Thursday, December 6: Premiere of Sand and Sorrow , a documentary on Darfur featuring Professor Samantha Power
SAND AND SORROW details the historically tragic events in Darfur that have given rise to an Arab-dominated government's willingness to kill and displace its own indigenous African people, and examines the international community's "legacy of failure" to respond to such profound crimes against humanity in the past. To date, as many as 400,000 civilians in Darfur have perished from violence, starvation and disease.
The documentary offers an exclusive look at the situation on the ground inside Darfur, drawing on unprecedented access to a contingent of African Union peacekeeping forces. SAND AND SORROW follows human rights activist John Prendergast, Harvard University professor Samantha Power and New York Times columnist Nicholas Kristof as they journey through burgeoning refugee camps along the Chad-Sudan border, past mass graves inside Darfur itself, and into offices of the United States Senate to plead on behalf of the innocents of Darfur. They have helped fuel a growing and vocal international advocacy movement that is determined to make the phrase "never again" mean something.
From Khartoum to New York to London, experts interviewed in the film include such varied individuals as Nobel Laureate Elie Wiesel, U.S. Senators Barak Obama and Sam Brownback, Sudan scholars Alex de Waal and Gerard Prunier, and rebel leader Minni Minawi, each of whom provides a powerful argument for ending this conflict now, and finally learning the lessons of recent history. The behind-the-scenes coverage of the historic but failed Darfur peace signing in Abuja, Nigeria, and the inspiring rally on the Washington Mall confront the viewer with the power of hope and the face of evil.

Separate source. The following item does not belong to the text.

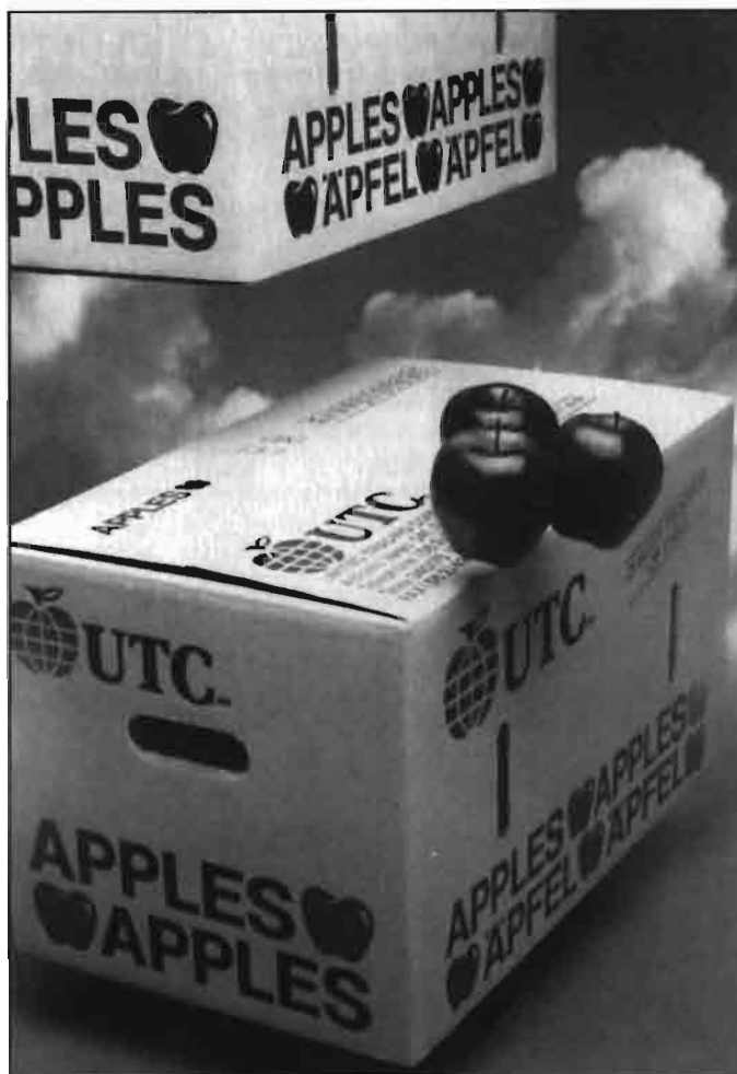
Caja de cartón para manzanas Stronbox, empresa de servicios chilena especializada en envases para frutas y hortalizas.

Como se ha señalado en los párrafos precedentes, en la zona de Quillota es posi-
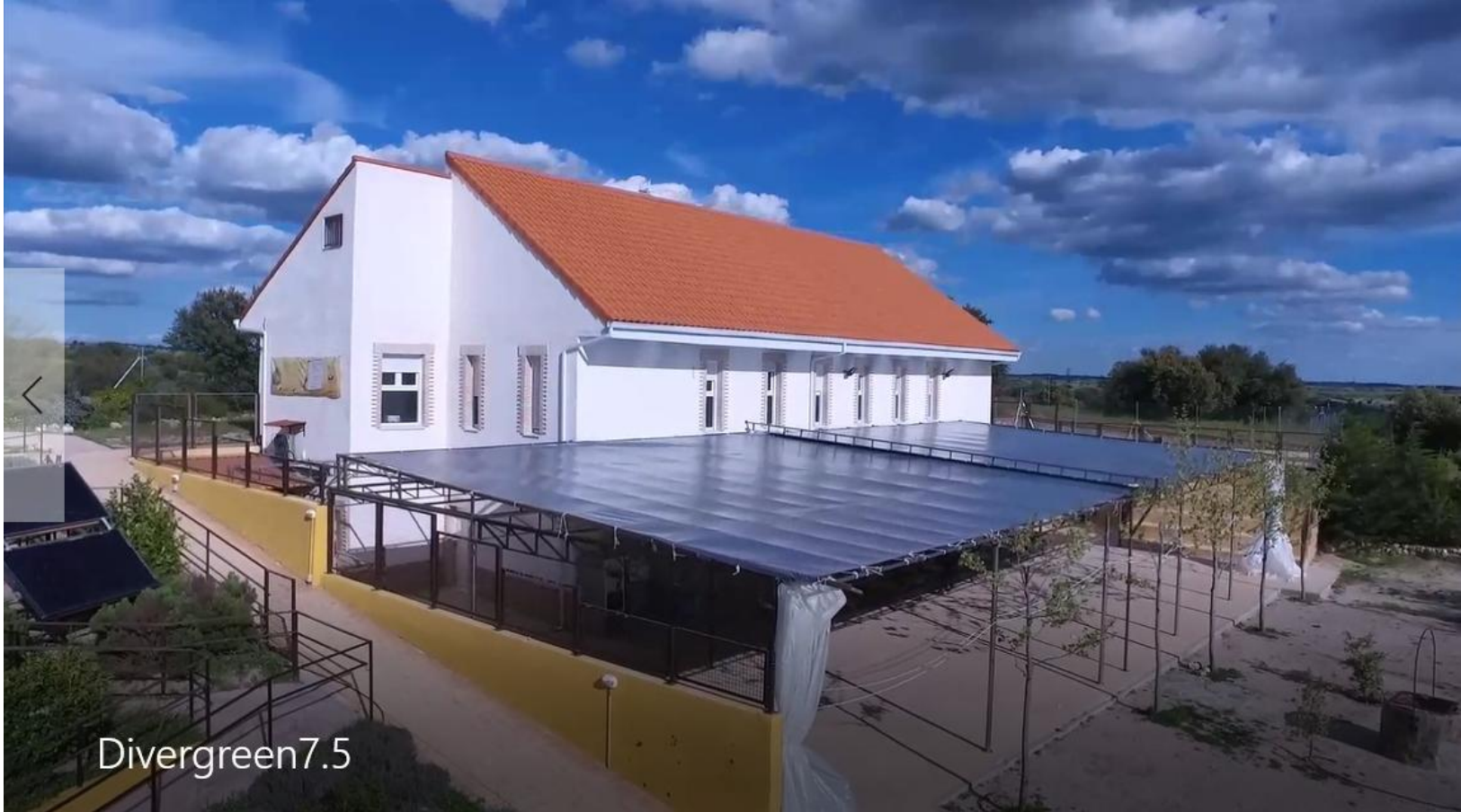
Vista general del Edificio

In the U.S., efforts extend from rural high schools and big college campuses all the way to the halls of power. SAND AND SORROW follows a group of concerned Illinois students who organized a grass-roots campaign to draw attention to the tragedy. Such regional activities are echoed in larger demonstrations in places like Washington, D.C., where a huge crowd gathered in 2006 to demand action and raise awareness.
SAND AND SORROW exposes conditions in the vast, violence-ridden Internally Displaced Persons camps of Darfur, bringing viewers face-to-face with the collective sorrow of a people devastated by the indifference of others. These people have joined the growing spectral chorus of those who waited for help in genocides past - help that once again may never come.
Director Paul Freedman observes, "The tragic events taking place in Darfur unfortunately are a continuation of the lack of response from the international community in protecting millions of innocent lives from their own government. Without humanitarian aid and political resolve from the U.S. and other countries, these displaced people from Darfur could suffer the same fate as those innocents from Eastern Europe, Cambodia and Rwanda."
SAND AND SORROW will be streamed in its entirety on hbo.com from Dec. 7 through Dec. 9; the documentary will be also available on HBO On Demand from Dec. 7 through Jan. 7. HBO is working with Campus Progress and the ENOUGH organization on an extensive outreach campaign, which includes organized house screening parties on the night of the documentary's debut (Dec. 6) and a live hbo.com online chat and podcast with John Prendergast, Samantha Power and Nicholas Kristof immediately following the network premiere.
SAND AND SORROW was the closing night film of the 2007 International Emerging Talent Film Festival in Monte Carlo.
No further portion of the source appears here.